Maha Yammine

Par Alexia Pierre29 septembre 2022In Articles, 2022, Revue #29

 

 

Née en 1986 à Beyrouth, diplômée de l’École Supérieure d’Art et de Design de Valenciennes en 2016 et de la faculté des Beaux-Arts à l’Université de Beyrouth en 2014. Elle vit et travaille à Rouen.

« Mending ». Allusion au reprisage de la fibre textile autant qu’au tissu social de nos relations, l’homologue anglais de « raccommoder » enchevêtre l’installation … de torchons et de serviettes (2020) de Maha Yammine.

Abandonnés des cuisines et rescapés des ordures, les voici suspendus entre plafond et mur. Dix torchons brodés s’exhibent dans l’espace. Aux formes, motifs, et cicatrices variées, aux couleurs délavées, ces pièces de tissus furent récupérées par l’artiste auprès de quelques foyers de la commune normande d’Yvetot, avant d’être reprisées. Ni plus ornements qu’attributs domestiques, elles se retrouvent démunies de toute fonction et n’incarnent désormais plus que le souvenir. Souvenir de deux paires de mains qui brodent.

Après la nappe dé-brodée de Backwards (2018) ou les douze napperons de Calendrier (2019-2020), clins d’œil ironiques à la conception du trousseau de mariée, l’artiste détourne cette tradition une nouvelle fois.
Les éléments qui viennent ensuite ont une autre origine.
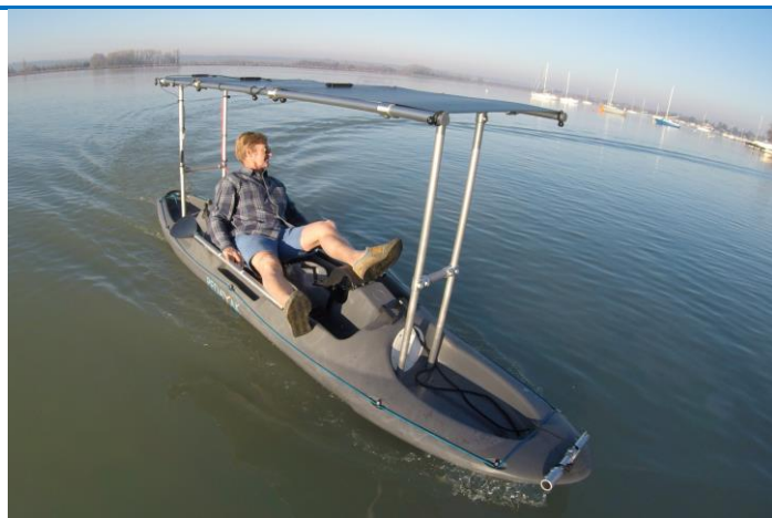
PEDAYAK SOLAR - R
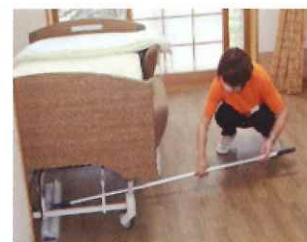
特別養護老人ホームでの介護補助者派遣事業

6月頃からカフェの再開を待ち望む温かい声が寄せられ、当センターとしても再開に向けて感染症拡大防止策を講じ、7月下旬から再開することができました。現在は提供するメニュー
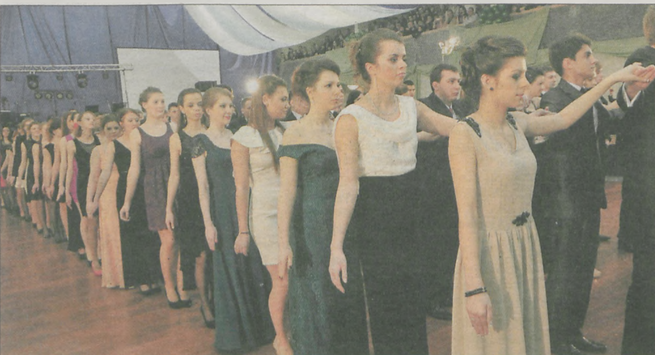
Dziewczęta wybrały na ten pierwszy ważny bal w życiu najpiękniejsze kreacje
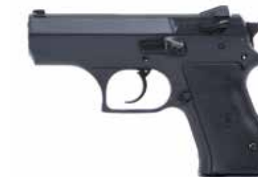
JERICO RB 9 x 19 mm / 0,40 S&W longitud del cañón de 89 mm, seguro en la corredera (decocker)
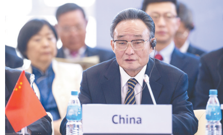
▲ 2013年1月28日,吴邦国同志在俄罗斯符拉迪沃斯托克出席亚太会议论坛第21届年会,并作题为《坚持和平发展 促进合作共赢》的主旨发言。
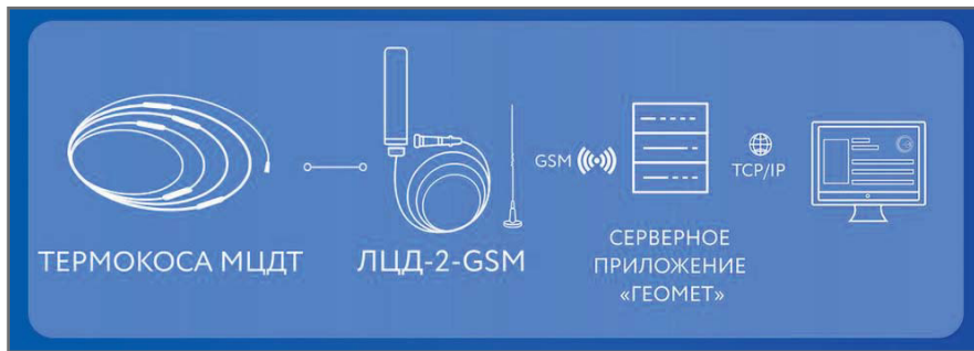
Рис. 7. Автоматизированный мониторинг температуры при помощи логгера ЛЦД-2-GSM
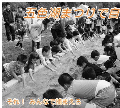
五色湖まつりで自然を満喫(10月12日)
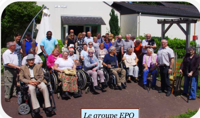
Le groupe EPO

En 2015 je suis élue du conseil départemental APF 35, je participe à la rédaction d'Handizou le journal de la Délégation, à la promotion des legs pour l'APF, et prochainement, je serai un de vos représentants au sein de la Commission Départementale Autonomie des personnes Handicapées pour la défense de vos droits.
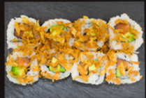
P3 8,80€ 8 Maki californiens oignons frits saumon, avocat
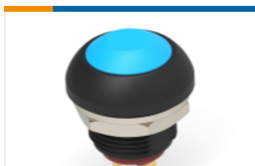
TE 产品编号2-2329383-5 PB ON/OFF FC BLU M1 TERM IP68
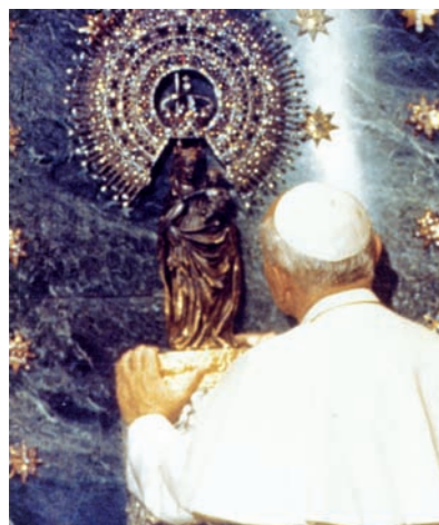
Ayudado en El Pilar.

su Sagrada Imagen. Con nosotros rezó el Santo Rosario en la plaza y se emocionó escuchando nuestra jota y el sonido de los tambores - "Si el que canta reza dos veces, se preguntó con fino humor, ¿cuántas veces reza el que baila para gloria de María? Un problema para los teólogos"- . De aquellas visitas han pasado ya casi 30 años, pero siguen vivas en el recuerdo de muchas personas. Hoy las evocamos con fotografías de unos días inolvidables.
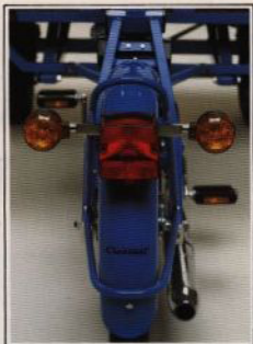
Nya blinkers fram och bak
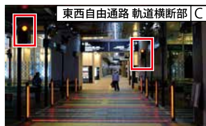
東西自由通路 軌道横断部 C
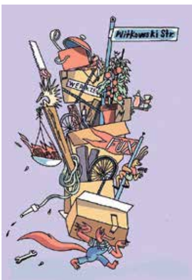
Grafik: Clara Girke

Der Bauspielplatz „Fuxbau“ ist in den letzten drei Jahren für viele Mockauer Kinder und deren Familien zum beliebten Treffpunkt geworden. Das Angebot ist durch den Stadtrat und den Jugendhilfeausschuss der Stadt Leipzig als eine wichtige Maßnahme der Jugendhilfeplanung im Stadtteil Mockau verankert. Seit 2021 wird der pädagogisch betreute Spielplatz „Fuxbau“ auf der Essener Straße 51 sehr gut angenommen. Durch die Beendigung des Pachtvertrages mit der LWB begann die Stadt Leipzig Mitte des letzten Jahres eine intensive Suche nach einem neuen Gelände, um das Angebot im Stadtteil zu sichern. Als geeignete Fläche erwies sich eine ungenutzte Wiese zwischen Schildberger Weg und Witkowskistraße in Mockau West, die sich in städtischem Eigentum befindet. Zurzeit ist der Bauspielplatz am neuen Ort im Aufbau und wird im März zunächst an Samstagen und von April bis Oktober, an vier
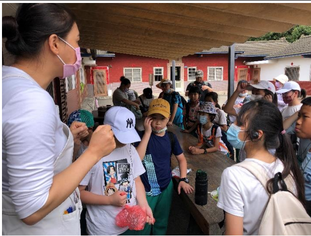
說明：微熱山丘認識土鳳梨酥。
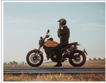
Ducati Scrambler 1100 Tribute Pro.
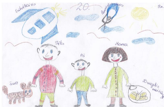
1 pav. „Šeimos“ piešinys

Remiantis vaiko mokytojos interviu, paaiškėjo, kad berniuko šeima susideda iš mamos, tėčio, jaunesnės sesers (5 mėnesių) ir jo paties. Tiriamojo šeima labai darni ir draugiška, gerai sutaria. Gimus mažajai sesutei, pablogėjo berniuko savijauta, jis pasidarė piktas, pavydi sesei didesnio tėvų dėmesio. Tarp draugų berniukas aktyvus ir impulsyvus, mėgsta būti dėmesio centre.
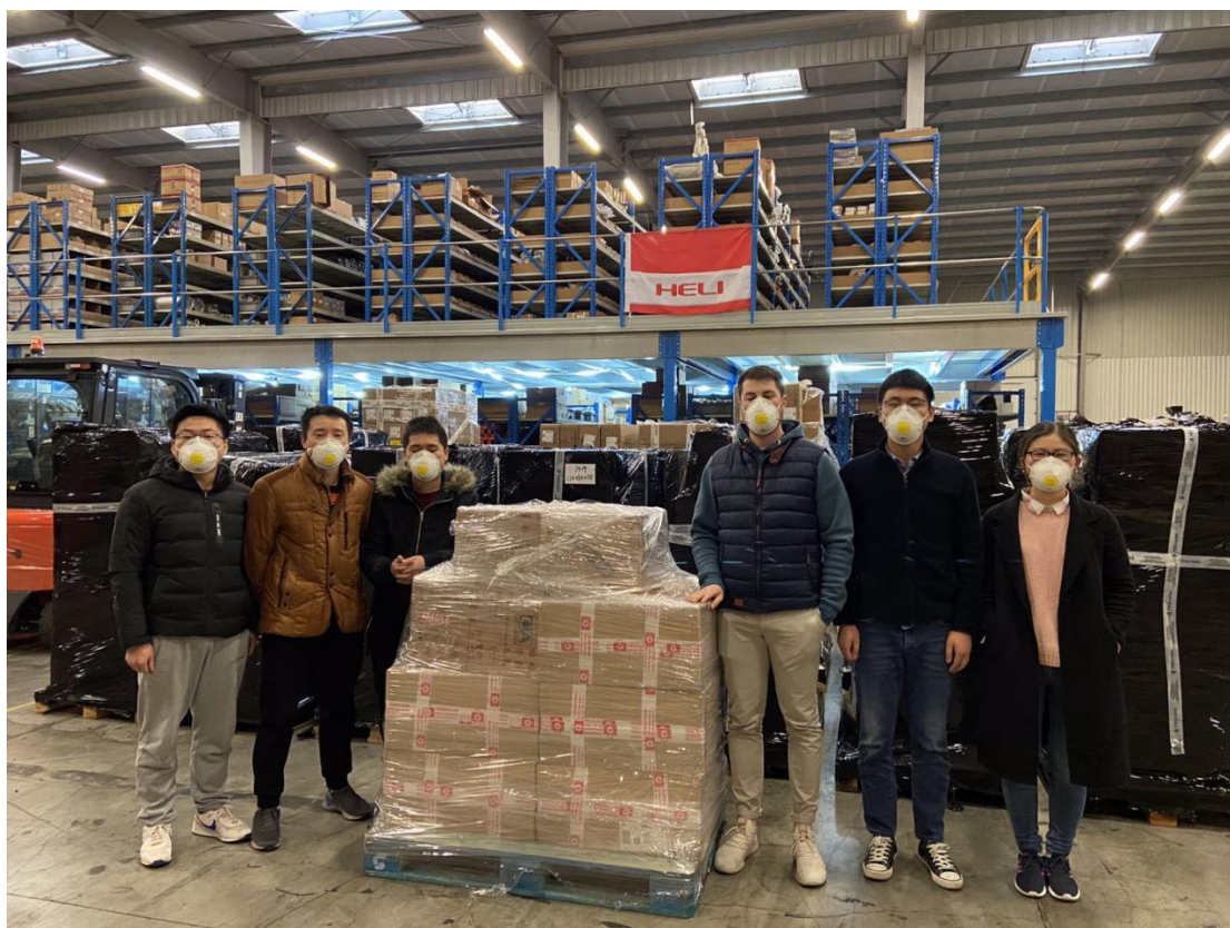
图 10 合力叉车将第二批赠物资运送至机场物流货仓

安徽合力叉车法国公司分三批将 1000 副护目镜，11250 套防护服,5700 个一次性帽子,1250 件一次性隔离衣，17450 只 FFP2 口罩，3550 只 FFP3 口罩等物资寄送到安徽。
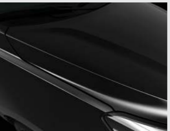
Aurora Black Pearl (ABP)
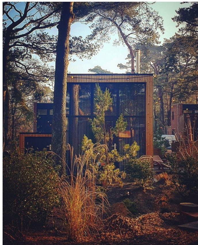
Blick aus der Community
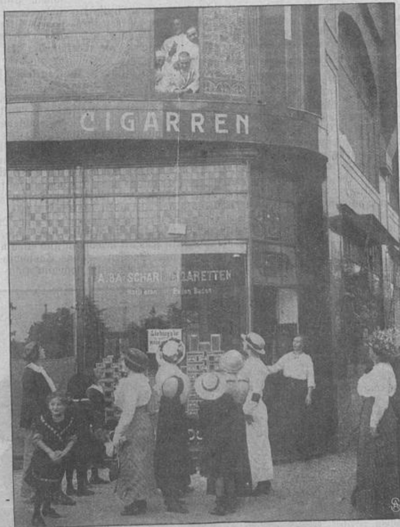
Die „Windfadenpost“ in Schöneberg.

Sie gab dem Ausdruck, und der alte Baron sagte mit einem kurzen, knurrenden Lachen: „Kein Wunder. Maltes Großvater war mein Bruder und seine Großmutter war meine leibliche Kusine. Auch eine Annemarie Malchwig. Du bist ihr übrigens wie aus dem

Le temps passé, partagé, entre mère et fille offre à ces chiffons, plutôt qu’une riche étoffe, une valeur restaurée. Points de crochet et dentelles pansent les écorchures de ces rebuts textiles recousus. Suture, soin et réparation sont ici superposés. L’installation nous rappelle que ces objets, compagnons de nos quotidiens, témoignent à travers leurs plaies des micro-histoires qu’ils ont partagées.

Au-delà des objets vecteurs de souvenirs, c’est au gré des gestes et des jeux que l’artiste libanaise puise dans la mémoire d’une enfance imprégnée de la guerre civile de son pays. En reénactant une partie de bille interrompue, avec Jeu de gamins (2015), ou en reconstruisant des Obus (2015) de sable, le ludique apparaît comme acte collectif de défiance, si ce n’est de résistance. Dans Fanfare (2017), où un couple reprend pour la première fois les tambours les ayant rassemblés pendant le conflit, c’est aussi cette réactivation de la mémoire des corps que l’artiste filme sur le vif. Les automatismes, preuves d’une résilience partagée.

Chacun de ces ravivements instantanés de souvenirs enfouis naît d’une conversation entre l’artiste et des complices. Ce temps d’écoute, permettant aux récits intimes d’être excavés et aux œuvres de choisir leur médium, est constitutif du travail de Yammine. Les espaces de partage ainsi ouverts prennent également la forme de séances de storytelling ou de jeux de carte, et se retrouvent dans sa démarche participative, en s’immisçant parfois jusque dans l’exposition.